Wei-Yi Yang, the pianist, matched the orchestra impressively, with the same intensity and physicality of bold sweeping phrases. He's a friend of my ex-roommate Charlie, and I've met him on several occasions. Actually I met Charlie and a few of his friends for this concert, and we staked out a nice spot at the front of the acoustically satisfactory second balcony together.

Some of the sci-fi moments of this piece made me think of Messiaen himself, off somewhere or other, twirling dials and speaking from the beyond through an orchestral medium.
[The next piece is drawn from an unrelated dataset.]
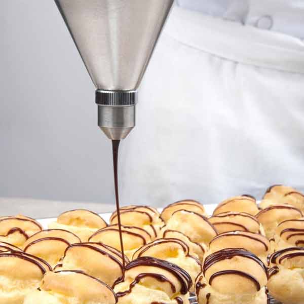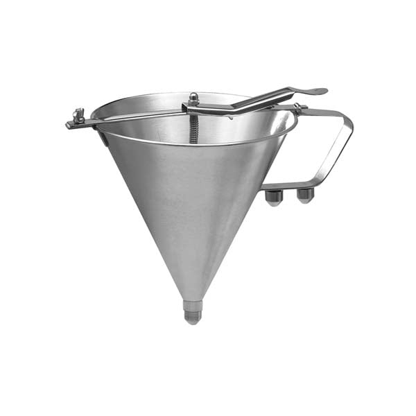 Made of stainless steel for strength and easy cleaning, this dispenser funnel has a simple operation that can be used with one hand, with its spring valve design. Whether you’re coating a flaky pastry with a fine raspberry drizzle or carefully portioning out cupcake batter, this dispenser funnel is an excellent tool to have in your kitchen. This confectionery funnel includes 3 nozzles with 4mm, 5mm, and 6mm diameters and features a spring valve feature for great balance and precise control with single-handed operation.
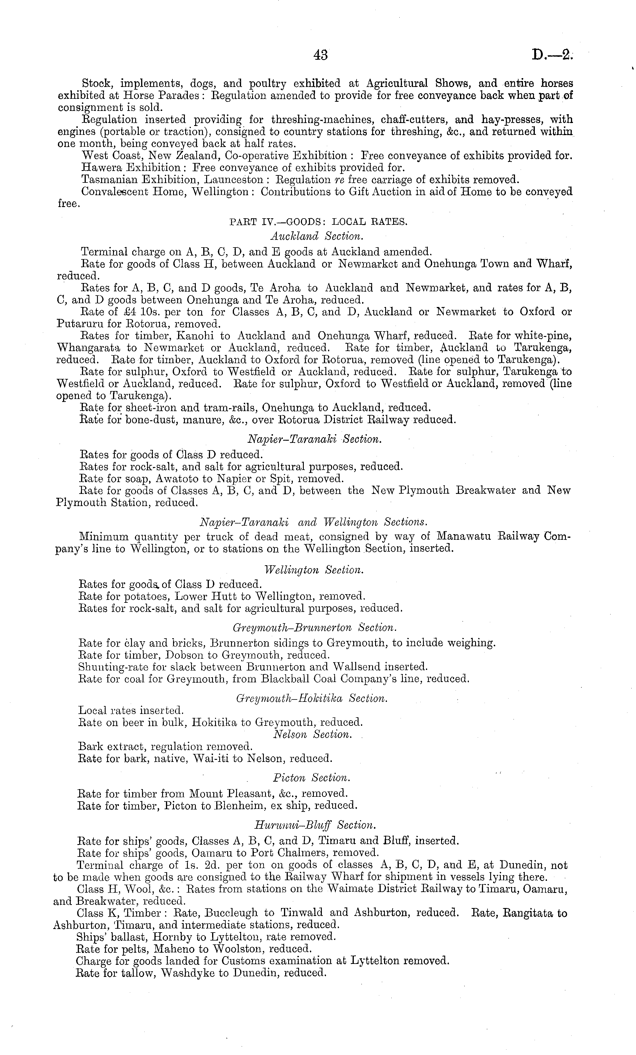 Stock, implements, clogs, and poultry exhibited at Agricultural Shows, and entire horses exhibited at Horse Parades : Regulation amended to provide for free conveyance back when part of consignment is sold. Regulation inserted providing for threshing-machines, chaff-cutters, and hay-presses, with engines (portable or traction), consigned to country stations for threshing, &c, and returned within one month, being conveyed back at half rates. West Coast, New Zealand, Co-operative Exhibition : Free conveyance of exhibits provided for. Hawera Exhibition: Free conveyance of exhibits provided for. Tasmanian Exhibition, Launceston : Regulation re free carriage of exhibits removed. Convalescent Home, Wellington : Contributions to Gift Auction in aid of Home to be conveyed free. PART IV.—GOODS: LOCAL RATES. Auckland Section. Terminal charge on A, 8,, C, D, and E goods at Auckland amended. Rate for goods of Class H, between Auckland or Newmarket and Onehunga Town and Wharf, reduced. Rates for A, B, C, and D goods, Te Aroha to Auckland and Newmarket, and rates for A, B, C, and D goods between Onehunga and Te Aroha, reduced. Rate of £4 10s. per ton for Classes A, B, C, and D, Auckland or Newmarket to Oxford or Putaruru for Rotorua, removed. Rates for timber, Kanohi to Auckland and Onehunga Wharf, reduced. Rate for white-pine, Whangarata to Newmarket or Auckland, reduced. Rate for timber, Auckland to Tarukenga, reduced. Rate for timber, Auckland to Oxford for Rotorua, removed (line opened to Tarukenga). Rate for sulphur, Oxford to Westfield or Auckland, reduced. Rate for sulphur, Tarukenga to Westfield or Auckland, reduced. Rate for sulphur, Oxford to Westfield or Auckland, removed (line opened to Tarukenga). Rate for sheet-iron and tram-rails, Onehunga to Auckland, reduced. Rate for bone-dust, manure, &c, over Rotorua District Railway reduced. Napier-Taranaki Section. Rates for goods of Class D reduced. Rates for rock-salt, and salt for agricultural purposes, reduced. Rate for soap, Awatoto to Napier or Spit, removed. Rate for goods of Classes A, B, C, and D, between the New Plymouth Breakwater and New Plymouth Station, reduced. Napier-Taranaki and Wellington Sections. Minimum quantity per truck of dead meat, consigned by way of Manawatu Railway Company's line to Wellington, or to stations on the Wellington Section, inserted. Wellington Section. Rates for goods, of Class D reduced. Rate for potatoes, Lower Hutt to Wellington, removed. Rates for rock-salt, and salt for agricultural purposes, reduced. Greymouth-Brunnerton Section. Rate for clay and bricks, Brunnerton sidings to Greymouth, to include weighing. Rate for timber, Dobson to Greymouth, reduced. Shuuting-rate for slack between Brunnerton and Wallsend inserted. Rate for coal for Greymouth, from Blackball Coal Company's line, reduced. Greymouth-Hokitika Section. Local rates inserted. Rate on beer in bulk, Hokitika to Greymouth, reduced. Nelson Section. Bark extract, regulation removed. Rate for bark, native, Wai-iti to Nelson, reduced. Picton Section. Rate for timber from Mount Pleasant, &c, removed. Rate for timber, Picton to Blenheim, ex ship, reduced. Hitrunuir-Bluff Section. Rate for ships' goods, Classes A, B, C, and D, Timaru and Bluff, inserted. Rate for ships' goods, Oamaru to Port Chalmers, removed. Terminal charge of Is. 2d. per ton on goods of classes A, B, C, D, and E, at Dunedin, not to be made when goods are consigned to the Railway Wharf for shipment in vessels lying there. Class H, Wool, &c.: Rates from stations on the Waimate District Railway to Timaru, Oamaru, and Breakwater, reduced. Class X, Timber : Rate, Buccleugh to Tinwald and Ashburton, reduced. Rate, Rangitata to Ashburton, Timaru, and intermediate stations, reduced. Ships' ballast, Hornby to Lyttelton, rate removed. Rate for pelts, Maheno to Woolston, reduced. Charge for goods landed for Customs examination at Lyttelton removed. Rate for tallow, Washdyke to Dunedin, reduced.

In this the centenary was, I think, successfully observed.

Reinbert de Leeuw is known as a top-notch conductor, and I think this is finally starting to sink in for me. If I'm not forgetting anything, I have heard him conduct three orchestra concerts, and all of them were unforgettably good. (Besides this one, two of the best performances I heard while living in New York: a 2005 Juilliard Symphony concert matching Shostakovich's 15th Symphony with Sofia Gubaidulina's majestically sculptural multimovement symphony "Stimmen . . . verstummen . . ."; and the 2004 Lincoln Center complete concert performance of Louis Andriessen's singularly bracing "De Materie.") And, looking back, one of the first Messiaen CDs I remember really getting into in college was a sharp recording of de Leeuw conducting "Reveil des Oiseaux." So let me advise you to hear Reinbert de Leeuw conduct an orchestra at any such opportunity you are presented with.

Kyle Gann wrote an excellent post last month about generosity in composition. In that meaning of the term, Turangalila is about as generous as it gets: the recurring themes, in development or just dropped in as unexpected familiar moments; the catchiness of the big splashy 5th and 10th movements.